Want to see what we did for this painting? Go here and here.

This piece of art hangs in my office. I love it. I recently saw a Jackson Pollack painting in a museum; I think this one rivals that painting. It was done by 6-year-olds.

This painting represents one of my all-time favorite activities I did with kids. I love this more than anything else we've ever done.


And I've done it with a sum total of one class of kids. I've never repeated it.

I've been thinking a lot about philosophy and the way I teach. I think the best phrase that sums up what I do is this: I teach by ear...or by feel.

When you play music by ear, you don't use print music; you just play by how the notes sound. The sound tells you if you are doing it "right" or not.


I think my teaching is a lot like that. I choose activities and say things by what sounds or feels right for the class. In my second grade class last year, we did some learning on the move. I've worked with classes that could not handle that particular activity and I wouldn't have tried it with them. Or at least would have done it in a different way.

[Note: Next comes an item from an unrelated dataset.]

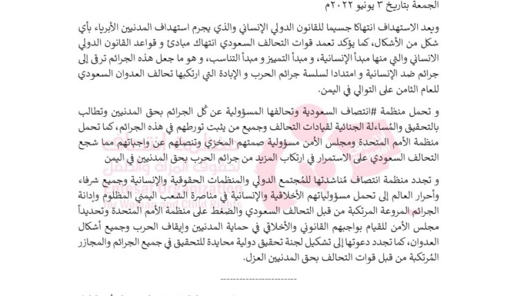 بيان إدانة منظمة #انتصاف لحقوق المرأة و الطفل بشأن استمرار جرائم دول تحالف العدوان السعودي بحق الأطفال بمحافظة #لحج

Some things I do all the time. I always use glue guns with every group of kids (since the first time I've done it). We always use the steering wheel or the large magnet board. Other activities I don't repeat as much.

I've not repeated the painting activity because it hasn't "felt" right. Other groups of kids I've had since didn't seem a right "fit" for that particular activity. I can't say why. Maybe it was me and not them. Maybe that activity wasn't a right fit for me at that time in my teaching life.

(To tell the truth, I've not even thought about the fact that I haven't repeated this activity until I began pondering the other day and this post began to form in my mind.)


When I teach, I think about what I want kids to learn. I think of concepts or standards or facts or whatever meets the particular teaching moment I'm involved in. I think about development and interests and skills and temperament.

But mostly I think about what seems right - what sounds or feels right for this group of kids at this moment.


I don't know what that means. Maybe it means I'm not a "real" teacher or a less professional one. Maybe it means I'm less effective or more effective. It doesn't make any difference in the long run.

I do know that if things feel right, if I'm teaching to meet the group of kids I have, everyone seems happier and more engaged. And I'll take that.



(P.S. - I think we may be trying this large painting on canvas with this current group of kids. It feels right.)